Another development: the Congregation will now have two “secretaries”, who come in the organization chart just after the prefect, at the head of the dicastery, and no longer two “under-secretaries”. In fact, the CDF is today devoid of any secretary, since the one who occupied this function, Mgr Giacomo Morandi, was appointed bishop of Reggio Emilia-Guastalla in January. A vacuum which, combined with the publication of the new motu proprio, suggests rapid appointments.
It is the American Bishop John Joseph Kennedy who has been at the head of the disciplinary office since 2017. Faced with the increase in the number of pedophilia files sent to Rome by bishops and religious superiors, the number of members of this section has continued to increase.
“The disciplinary section has completely cannibalized the doctrinal section”
Over the years, “the disciplinary section has completely cannibalized the doctrinal section”, summarizes a very good connoisseur of the Congregation.
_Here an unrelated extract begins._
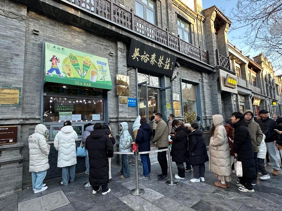 7日、北京の老舗・呉裕泰茶荘の店先で、アイスクリームを買うために並ぶ人々。1887年創業の呉裕泰は、主に茶製品を扱う。(北京=新華社記者/邱虹)

Who emphasizes that the former Holy Office has moreover, under the authority of its prefect, the Jesuit Cardinal Luis Ladaria, published for fifteen months only three doctrinal documents: on the end of life, the legality of vaccines against Covid and the blessing of homosexual couples.
According to our information, the theologians of the Congregation are now working on the elaboration of a declaration on the articulation between natural law and civil rights, raising in particular the very delicate question of the legitimacy of laws considered immoral by the Church. Catholic.